Лерика резко обернулась, и будка качнулась сильнее обычного. У меня перехватило дыхание.
– Как думаешь, в кого перерождаются самоубийцы?
– Я не помню таких подробностей Сансары.
– Мураками! – Лерика топнула ногой. – Я спросила: как думаешь?!
Я посмотрел вниз. На Лерике были вчерашние сандалии и тот же синий педикюр. На лодыжке правой ноги был повязан кожаный браслет с якорьком, который вчера красовался на запястье.
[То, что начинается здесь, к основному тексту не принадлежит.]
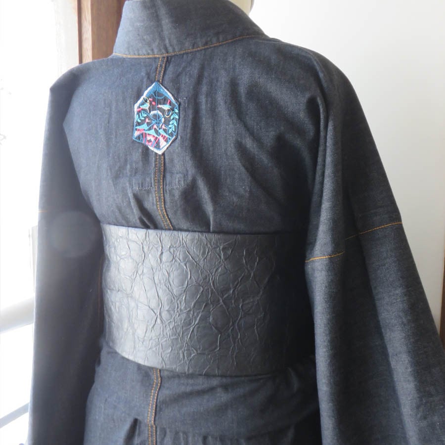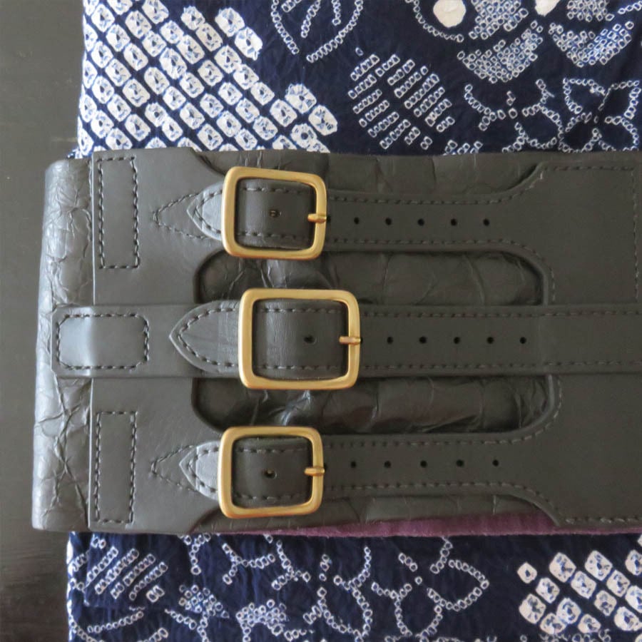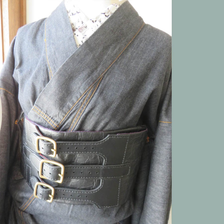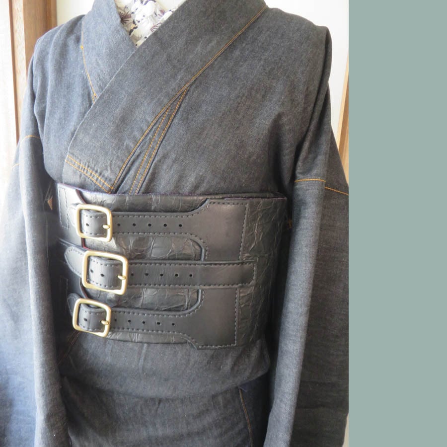 半幅帯を切って帯ベルトにはめてみました。雰囲気がガラッと変わってかっこいいです!

Это всё та же Лерика, розовый топ не изменил её со вчерашнего дня. Я улыбнулся этим своим мыслям и постарался ответить серьёзно.
– Думаю, убивший себя человек становиться камнем.
– Почему?
– Камень над собой не властен. И ничего не может.
– А курица, выращенная на ферме на убой, над собой властна? Тьфу, что за слово такое?
– По крайней мере, она не камень.
Всё наше общение на колесе было лишено романтики, как и медитативности. Лерика свободно прыгала с темы на тему, иногда догоняя меня, иногда забегая вперёд. Но при любом раскладе в разговоре она неизменно перетягивала одеяло на себя. Всё это напоминало игру, интеллектуальную гимнастику, в которой мне нельзя было быть победителем.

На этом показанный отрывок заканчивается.